In seconds, that’ll be me.
I can’t determine what I feel in this particular moment. I don’t have time to call Frederick to ask. Rose lifts Jane higher on her hip, and Jane says, “Daddy!” Her exclamation echoes in the speakers of Lily’s phone, which means the microphones caught her voice.
I rest a hand on Rose’s back and then kiss Jane’s cheek. She touches my jaw with a wider smile, and I say quietly so only Rose and Jane could possibly hear, “The only apology I will make today is to the two of you.” What I decide affects them, more than anyone else backstage.
“It’s unneeded,” Rose tells me, her shoulders pulled back, chin raised, ready for war. I love her for it. “So pocket your unnecessary apology.”
I smile at the passion in her voice. “My pockets are full, darling.”
She rolls her eyes. “Of what?”
“Of love.”
She presses her lips to stop from smiling, but she’s doing a horrible job hiding it.
“She’s smiling for me,” I muse. “It’s a standing ovation before the speech has even begun.”
She controls her expression and it morphs into a glare.
I grin. “Rose, Rose, Rose,” I feign contemplation, “always making me work for the win.” Just how I like.
“Richard, Richard, Richard,” she practically smites my name. And then she pauses, her eyes drilling into me. “Go win.”
It brings me back to the moment, and Naomi pads through the black curtain, entering backstage. “They’re waiting for you,” she tells me.
I kiss
Rose’s cheek and then Jane’s again. I leave their side.
Corbin lingers by the stage entrance. “Where’s your speech?” His eyes dance around my suit.
“In my head,” I say easily.
He curses like this is going to go terribly.
“Do you know me?” I ask him. I never cower, not an inch of my six-foot-four build. With every ounce of confidence I possess, I remain upright, assured and tall.
He takes too long to answer, so I extend my hand to shake his, as though we’re meeting for the first time. By the guile of my assertive demeanor, he does shake my hand.
“I’m Richard Connor Cobalt,” I tell him. “The man whose IQ doubles yours. I would suggest scripts for yourself, maybe line-by-line and in large font, but I won’t ever need one.” I pat him on the shoulder. “I’d tell you to remember this, but I’m extremely hard to forget.”
I push past his startled body and enter the main stage. Cameras flash in quick succession, journalists seated in about eight rows with tripods stationed around the parameter, filming the conference. I stand behind the glass podium.
No paper.
No teleprompter.
I haven’t rehearsed a poignant speech for hours on end. I haven’t recited anything to Rose or in the mirror. I construct what I need to say in the moment, and I trust myself wholeheartedly to accomplish this to my high, impossible standards.

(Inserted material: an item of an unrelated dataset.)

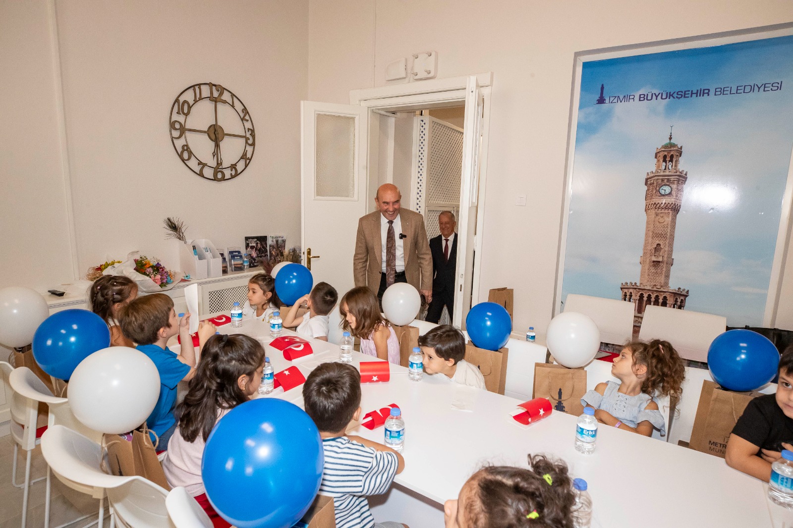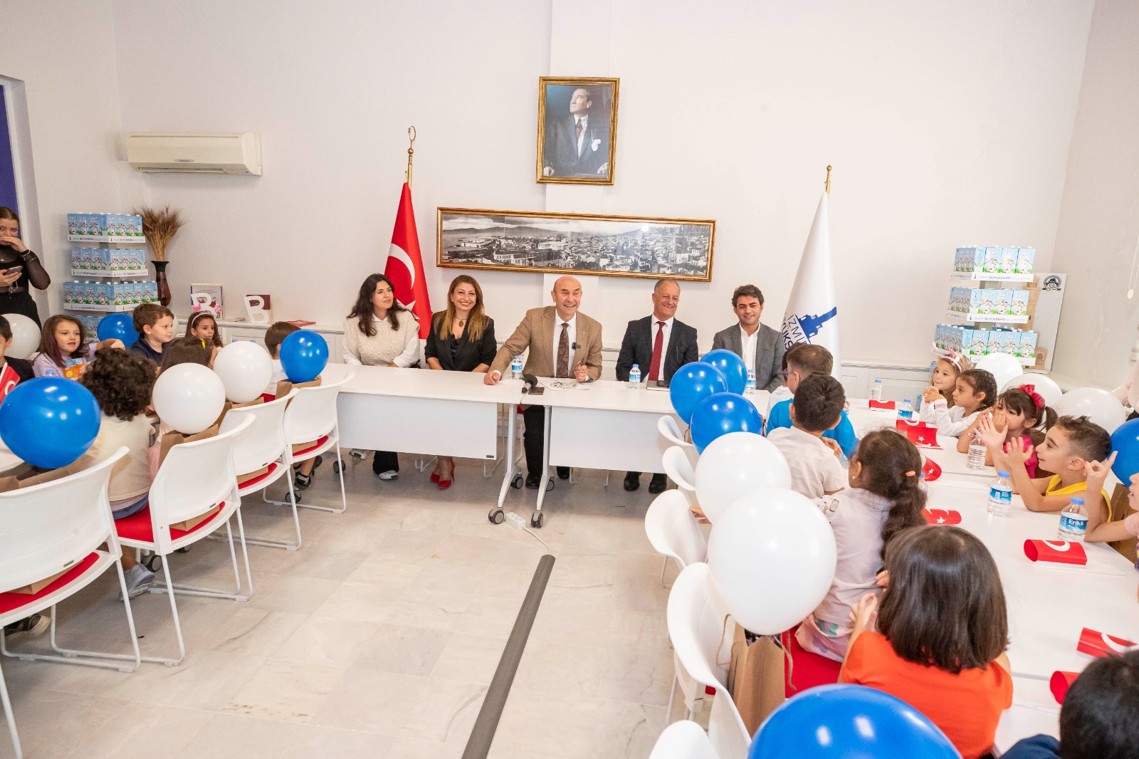 İzmir Büyükşehir Belediye Başkanı Tunç Soyer, 28 Eylül Dünya Süt Günü kapsamında anaokulu öğrencilerini ağırladı. Buca Mega Eğitim Gönüllüleri Anaokulu’nun minikleri, İzmir Büyükşehir Belediyesi’nin yürüttüğü Süt Kuzusu Projesi’ne teşekkür etmek için Başkan Tunç Soyer’i ziyaret etti. 32 öğrencinin katıldığı ziyarette öğrencilere Anaokulu Müdürü Hülya Altun ve öğretmenler eşlik etti.

I’m used to the bright flashes, and I hardly blink as they appear in waves. Every journalist sits erect, eager for answers: Did you really sleep with those guys? Have you had sex with Loren? Do you really love Rose? How does Jane fit into all of this?
When the cameras settle and I’m no longer bathed in blinding light, I finally speak. “There is nothing that the media could say to me that would justify the way they’ve acted. You can hound me. You can follow me, but in no way should you frighten those around me. To harm my wife and potentially harm my daughter—there is no excuse that could put any of you on the right side of morality.”
The day where Rose almost fell in a hoard of cameramen floods me. Many news stations condemned the paparazzi for surrounding us, for causing Rose to rip out her hair just to protect our daughter, but not much has changed since then.